Only the preferred embodiment of the invention has been described. It should be understood that the invention is not limited to the embodiments disclosed, but is intended to embrace any alternatives, modifications, rearrangements, or substitutions of parts or elements as fall within the spirit and scope of the invention.

Claims

1. An improved discharge spout in the bottom panel of a collapsible receptacle for flowable products comprising:

a substantially cylindrical spout of flexible material;

at least three triangular flaps formed in the bottom panel with intersecting cuts of predetermined length, the outer ends of said cuts forming potential tear locations;

an opening formed in the bottom panel when the triangular flaps are folded into the interior of the receptacle;

a substantially circularly shaped flap for covering the opening;

means for securing one end of each of the folded flaps to the inner side of the receptacle bottom panel beyond the outer ends of said cuts of predetermined length to form drawstring passageways, said securing means creating a tear resistant buffer zone of predetermined width between a potential tear location and the product to minimize loss of product if said intersecting cuts tend to tear; said securing means simultaneously securing a portion of the circularly shaped cover flap on only one side of the opening and one end of the cylindrical spout to the bottom panel entirely surrounding the opening on the interior of the receptacle such that the cover flap covers the opening with the spout on the interior of the receptacle; and

a drawstring in the drawstring passageways formed by the secured, folded flaps such that when the drawstring is untied, the cover flap and pouring spout can be withdrawn through the opening and when the receptacle is closed, the spout is inside the receptacle, the opening is closed by the cover panel from the inside of the receptacle and the drawstring is drawn and tied to keep the opening securely closed.

2. An improved panel as in claim 1 wherein said securing means comprises:

a reinforcing web encircling said opening beyond the outer ends of the intersecting cuts; and

a double sew line attaching the web, one side of the cover flap, the outer end of each of the folded triangular flaps and said one end of the pouring spout to each other and to the bottom panel, the area between the sew lines creating a buffer from any tear that goes past the first sew line because of a broken thread or a stretched thread so as to minimize loss of product.

3. An improved panel as in claim 2 wherein two substantially bisecting cuts are used to form four triangular flaps.
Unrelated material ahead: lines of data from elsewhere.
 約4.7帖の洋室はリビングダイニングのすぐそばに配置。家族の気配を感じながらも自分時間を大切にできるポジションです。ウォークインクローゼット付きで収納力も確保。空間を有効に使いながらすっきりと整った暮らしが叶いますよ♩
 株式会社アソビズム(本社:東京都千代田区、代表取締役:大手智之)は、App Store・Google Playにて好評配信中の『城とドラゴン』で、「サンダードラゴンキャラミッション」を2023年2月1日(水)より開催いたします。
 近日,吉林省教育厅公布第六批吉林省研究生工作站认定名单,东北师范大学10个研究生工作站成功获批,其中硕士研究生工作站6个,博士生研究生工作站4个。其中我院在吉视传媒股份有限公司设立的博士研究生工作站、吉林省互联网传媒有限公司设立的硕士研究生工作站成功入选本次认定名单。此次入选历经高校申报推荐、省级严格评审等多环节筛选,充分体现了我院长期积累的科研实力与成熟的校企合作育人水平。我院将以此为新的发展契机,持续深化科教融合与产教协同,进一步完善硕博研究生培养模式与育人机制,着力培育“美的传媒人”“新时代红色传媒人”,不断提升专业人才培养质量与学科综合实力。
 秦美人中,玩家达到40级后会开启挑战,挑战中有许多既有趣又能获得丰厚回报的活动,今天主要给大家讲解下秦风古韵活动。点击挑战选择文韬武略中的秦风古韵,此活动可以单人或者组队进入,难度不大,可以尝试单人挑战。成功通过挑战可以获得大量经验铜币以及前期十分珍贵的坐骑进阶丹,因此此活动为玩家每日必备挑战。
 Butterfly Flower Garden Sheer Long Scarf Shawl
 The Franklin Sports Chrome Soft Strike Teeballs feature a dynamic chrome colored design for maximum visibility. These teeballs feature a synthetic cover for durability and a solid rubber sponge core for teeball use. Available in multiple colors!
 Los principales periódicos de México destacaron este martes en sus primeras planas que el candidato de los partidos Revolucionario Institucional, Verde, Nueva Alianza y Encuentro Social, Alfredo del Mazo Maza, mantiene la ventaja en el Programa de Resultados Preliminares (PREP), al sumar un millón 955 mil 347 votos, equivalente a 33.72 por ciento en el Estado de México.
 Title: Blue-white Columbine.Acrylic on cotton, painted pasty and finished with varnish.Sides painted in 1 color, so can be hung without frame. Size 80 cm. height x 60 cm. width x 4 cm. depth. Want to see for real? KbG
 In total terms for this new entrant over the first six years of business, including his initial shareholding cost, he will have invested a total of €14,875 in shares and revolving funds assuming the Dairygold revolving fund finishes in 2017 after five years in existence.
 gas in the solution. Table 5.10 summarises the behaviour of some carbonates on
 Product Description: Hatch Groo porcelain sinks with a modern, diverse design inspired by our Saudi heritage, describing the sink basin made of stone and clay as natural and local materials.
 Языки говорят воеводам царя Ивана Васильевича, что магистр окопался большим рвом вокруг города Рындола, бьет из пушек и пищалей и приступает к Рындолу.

4. An improved panel as in claim 2 wherein three intersection cuts are used to form six triangular flaps.

5. A collapsible receptacle for a flowable product having an improved pouring spout in a bottom panel and comprising:

a pouring spout of flexible material;

at least three triangular shaped flaps formed by the intersection of cuts of predetermined length in the bottom panel, the outer ends of said cuts forming potential tear locations;

an opening in the bottom panel formed by folding the triangular shaped flaps into the interior of the receptacle;

a flap placed over and covering the opening on the interior of the receptacle; and

means securing one end of each of the folded triangular shaped flaps, a part of the opening cover flap on only one side of the opening, and one end of the pouring spout to the bottom panel and to each other beyond the outer ends of said cuts of predetermined length so as to create a tear resistant buffer zone of predetermined length between any potential tear locations and the product to minimize loss of product if said intersecting cuts tend to tear, and to simultaneously form drawstring passageways, attach the covering for the opening and attach the receptacle pouring spout to the bottom panel.

6. A method of forming a pouring spout in the bottom panel of a collapsible receptacle for flowable product comprising the steps of:

forming a pouring spout of flexible material;

forming at least three triangular shaped flaps by the intersection of cuts of predetermined length in the bottom panel, the outer ends of said cuts forming potential tear locations;

folding said triangular flaps into the interior of the receptacle to form an opening in the bottom panel;

placing a flap over said opening to cover the opening; and

sewing one end of each of the folded triangular flaps, a part of the opening cover flap on only one side of the opening, and one end of the pouring spout to the bottom panel and to each other beyond the outer ends of said cuts of predetermined length so as to create a tear resistant buffer zone of predetermined width between a potential tear location and the product to minimize loss of product if the intersecting cuts tend to tear and to simultaneously form drawstring passageways, attach the cover flap for the opening and attach the receptacle pouring spout to the bottom panel.

7. A method as in claim 6 further including the steps of:

encircling the opening beyond the outer ends of the intersecting cuts where tears may occur with a reinforcing web; and

using a double sew line to attach said reinforcing web, one side of said cover flap, the outer ends of the folded triangular flaps and the one end of the pouring spout to each other and to the bottom panel, said double sew line creating a buffer zone between the cut tears and the product in the bag to minimize loss of product through the tears or sewing needle holes.

8. A method as in claim 7 further including the step of forming two substantially bisecting cuts to form four triangular flaps.

9. A method as in claim 7 further including the step of forming three intersecting cuts to form six triangular flaps.